1Shanghai Key Lab of Chemical Assessment and Sustainability, School of Chemical Science and Engineering, Tongji University, Shanghai 200092, China 

2Integrated Composites Lab (ICL), Department of Chemical & Biomolecular Engineering University of Tennessee, Knoxville, TN, 37966, USA

Corresponding author:      

#There authors are contributed equally


In this work, reduced graphene oxide/amino multi-walled carbon nanotube (rGO/MWCNTs-NH2) aerogel has been successfully fabricated through the chemical reaction between carboxyl groups on graphene oxide (GO) and amino groups on multi-walled carbon nanotubes (MWCNTs-NH2) in combination with freeze-drying and high-temperature annealing process.
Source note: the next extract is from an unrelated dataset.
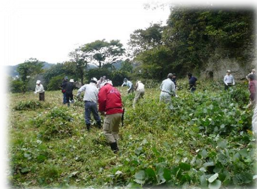
写真2-6 鎌倉風致保存会の活動

The optimal condition for fabrication of rGO/MWCNTs-NH2 aerogel is mass ratio of MWCNTs-NH2 to GO = 1:8 with GO concentration of 2 mg mL-1. In addition, owing to the strong chemical bonding between amino groups on MWCNTs and carboxyl groups on GO, the improved hydrophobic property and microstructures of rGO/MWCNTs-NH2 aerogel are obtained confirmed by scanning electron microscope (SEM), transmission electron microscopy (TEM), X-ray photoelectron spectroscopy (XPS) and contact angle measurement. After that, the adsorption tests and oil/water separation experiments prove that the rGO/MWCNTs-NH2 aerogel possesses an excellent adsorption performance for various organic solvents and oil including ethyl acetate (152.79 g g-1), cyclohexane (122.46 g g-1), acetone (219.54 g g-1), dichloromethane (242.31 g g-1), and sesame oil (156.35 g g-1), and achieves a high efficiency of oil/water separation within only 25 s. Our rGO/MWCNTs-NH2 aerogel is expected to be a promising material for treatment of oil spills.
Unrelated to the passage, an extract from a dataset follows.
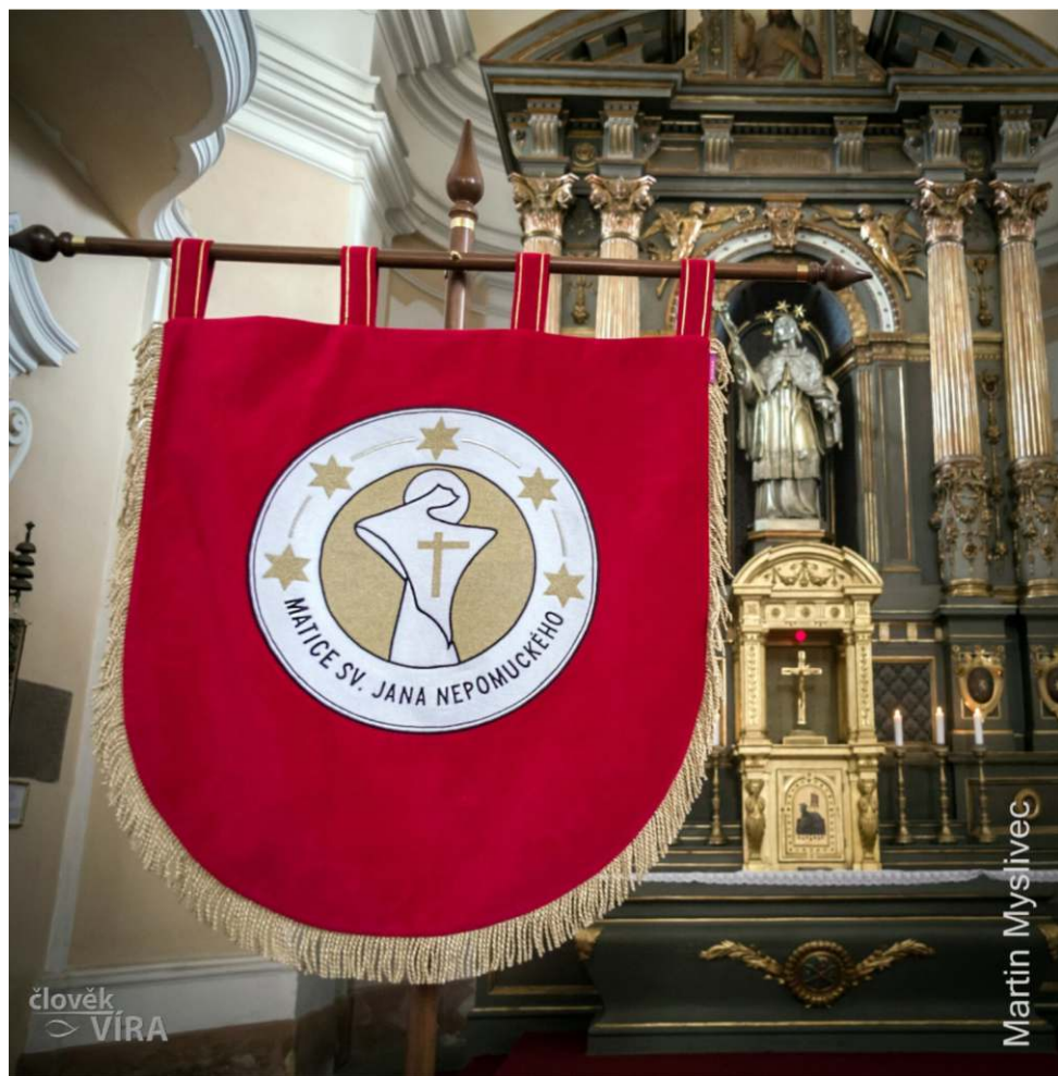
Při jarní pouti byla posvěcena nová vlajka Matice sv. Jana Nep.

Keywords: Graphene oxide; Amino multi-walled carbon nanotubes; Aerogel; Oil adsorption; Oil/water separation

1. Introduction

In recent years, oil spills and organic pollution caused by industrial accidents has brought serious environmental problems1 and endangered people's health due to its carcinogenic content.2 Adsorption,3-5 centrifugation,6 membrane separation,7 chemical demulsification,8 chemical oxidation,9 coagulation10 and electrochemical methods11 are normally exploited to remove oil from polluted water. Among them, adsorption has become a research hotspot with the characteristics of high oil removal efficiency, no secondary pollution, simple processing, low energy consumption and low operation cost.12 The adsorbents widely used in oily wastewater treatment include activated carbon,13 polyethylene,14 fly ash,15 bentonite,16 carbon fiber17 and super oil-adsorbing resin.18 However, they have some disadvantages, such as low oil/water separation efficiency and selectivity, difficult oil recovery and durable materials,19 which has severely limited their practical application. Therefore, it is important to find an efficient and fast material for treating oily wastewater.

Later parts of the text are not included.